Your objective: Transcribe the full listing below, word for word, without pictures.

━━━━━ Entries provided

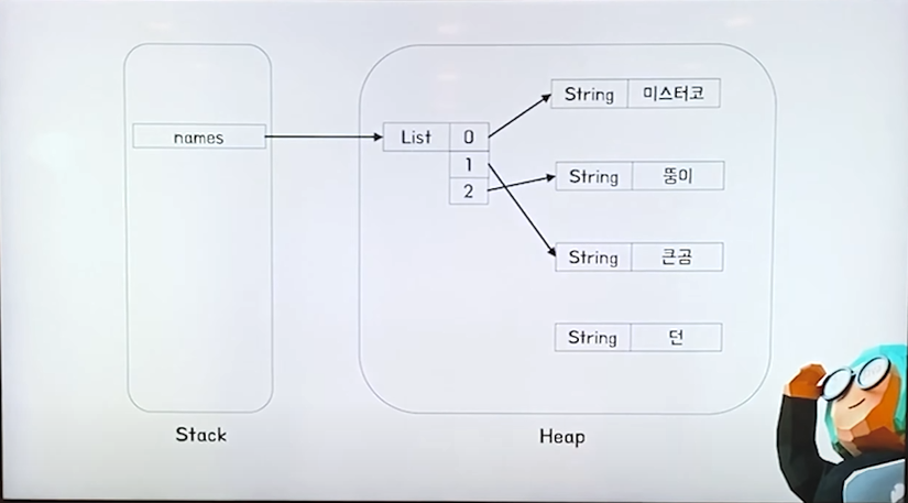 모든 Object 타입의 데이터가 할당. Heap영역의 Object를 가르키는 참조 변수가 Stcak에 할당.
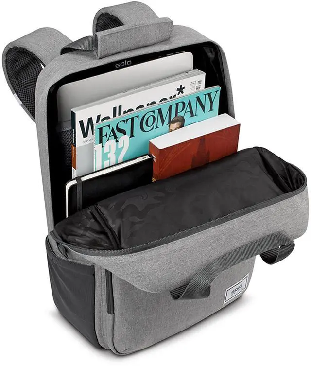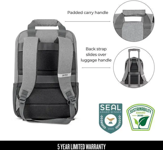 The Re: Claim 15.6" laptop backpack is made with a water resistant coating that is also and sanitize-able. Perfect for on-the-go commuters, students, or travelers. Go hands free with the two top loops that can hold a jacket or umbrella. This bag comes with a 5 year warranty.
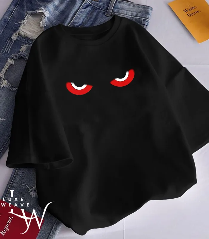 Crafted from premium cotton, this black oversized T-shirt features a striking red-and-white eye graphic that exudes confidence and mystery. The relaxed fit and soft fabric make it a go-to piece for casual streetwear or an effortlessly edgy outfit. Pair it with distressed denim or joggers for that unmistakable LuxeWeave aesthetic.
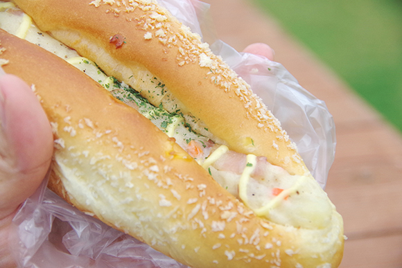 マッシュポテトと厚切りベーコンを挟んだコッペパン「ベーコンポテト」(160円)をいただきます。なめらかなポテトと香ばしいベーコンの相性は言わずもがな!ペロリと食べてしまいました!
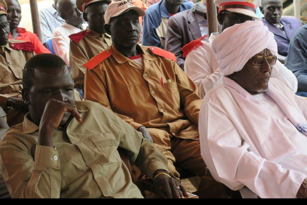 Civilians in Pageri listen attentively during a meeting with UNMISS peacekeepers during a patrol in Lobonok County, in the Jubek area. Recently displaced by fighting in the mountainous mining areas of Lobonok, civilians are…
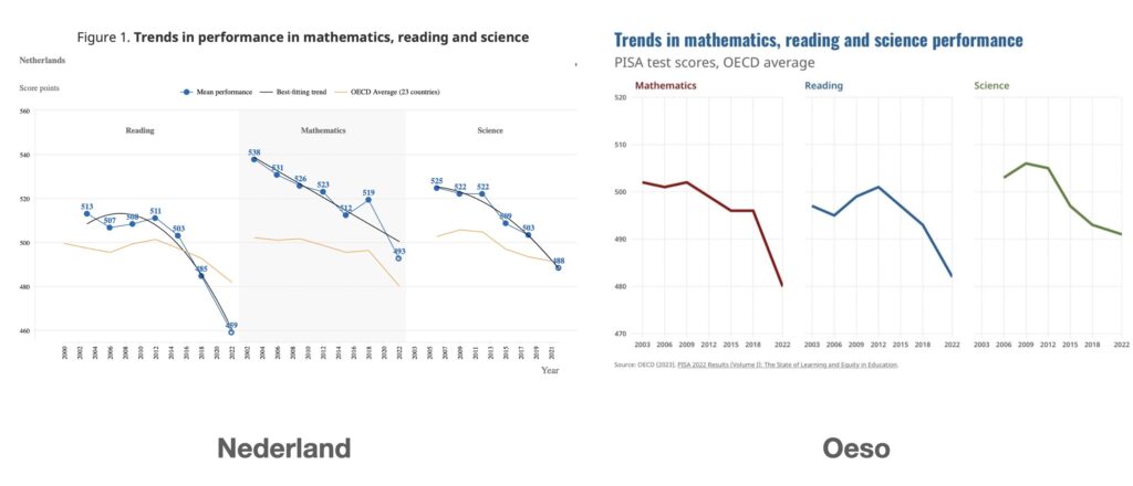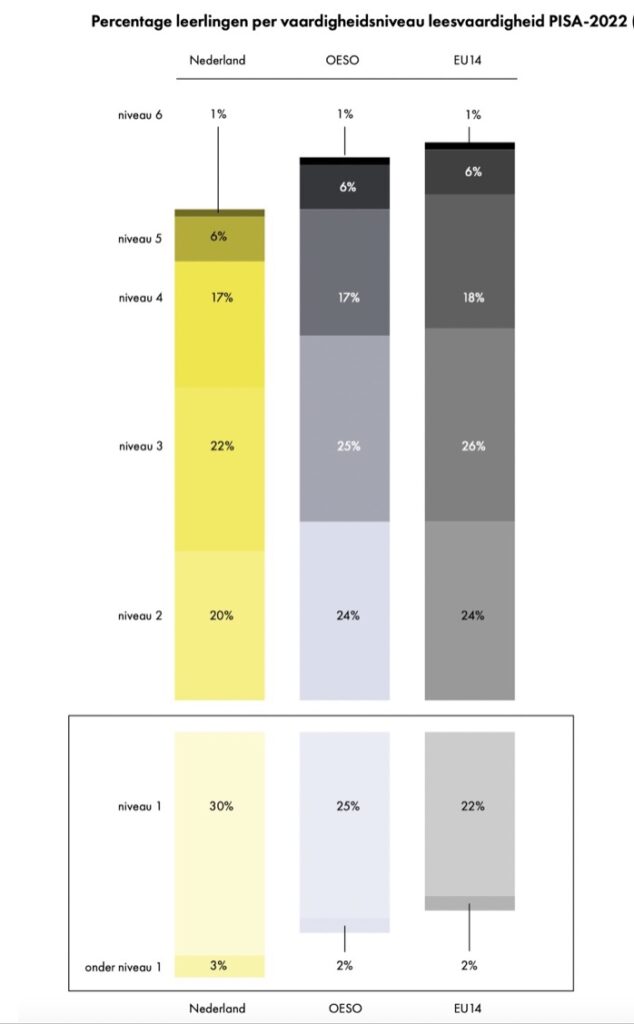 Voor leesvaardigheid daalde Nederland binnen 26 EU landen (Luxemburg heeft niet meegedaan) van de 14de plaats in 2018 naar de 20ste plaats in 2022. Voor Natuurwetenschappen liep de Nederlandse positie terug van 5 naar 13. Op het gebied van rekenen/wiskunde is het beeld totaal anders. In 2018 scoorde Nederland de 2de plaats. In 2022 was dat opnieuw de 2de plaats. De alarmerende verhalen over taal zijn niet ongegrond. Voor rekenen is wel sprake van een daling, maar Nederland doet het nog steeds goed bij rekenen in de Pisa toets.

━━━━━━━━━━

Output for this task:
 모든 Object 타입의 데이터가 할당. Heap영역의 Object를 가르키는 참조 변수가 Stcak에 할당.
 The Re: Claim 15.6" laptop backpack is made with a water resistant coating that is also and sanitize-able. Perfect for on-the-go commuters, students, or travelers. Go hands free with the two top loops that can hold a jacket or umbrella. This bag comes with a 5 year warranty.
 Crafted from premium cotton, this black oversized T-shirt features a striking red-and-white eye graphic that exudes confidence and mystery. The relaxed fit and soft fabric make it a go-to piece for casual streetwear or an effortlessly edgy outfit. Pair it with distressed denim or joggers for that unmistakable LuxeWeave aesthetic.
 マッシュポテトと厚切りベーコンを挟んだコッペパン「ベーコンポテト」(160円)をいただきます。なめらかなポテトと香ばしいベーコンの相性は言わずもがな!ペロリと食べてしまいました!
 Civilians in Pageri listen attentively during a meeting with UNMISS peacekeepers during a patrol in Lobonok County, in the Jubek area. Recently displaced by fighting in the mountainous mining areas of Lobonok, civilians are…
 Voor leesvaardigheid daalde Nederland binnen 26 EU landen (Luxemburg heeft niet meegedaan) van de 14de plaats in 2018 naar de 20ste plaats in 2022. Voor Natuurwetenschappen liep de Nederlandse positie terug van 5 naar 13. Op het gebied van rekenen/wiskunde is het beeld totaal anders. In 2018 scoorde Nederland de 2de plaats. In 2022 was dat opnieuw de 2de plaats. De alarmerende verhalen over taal zijn niet ongegrond. Voor rekenen is wel sprake van een daling, maar Nederland doet het nog steeds goed bij rekenen in de Pisa toets.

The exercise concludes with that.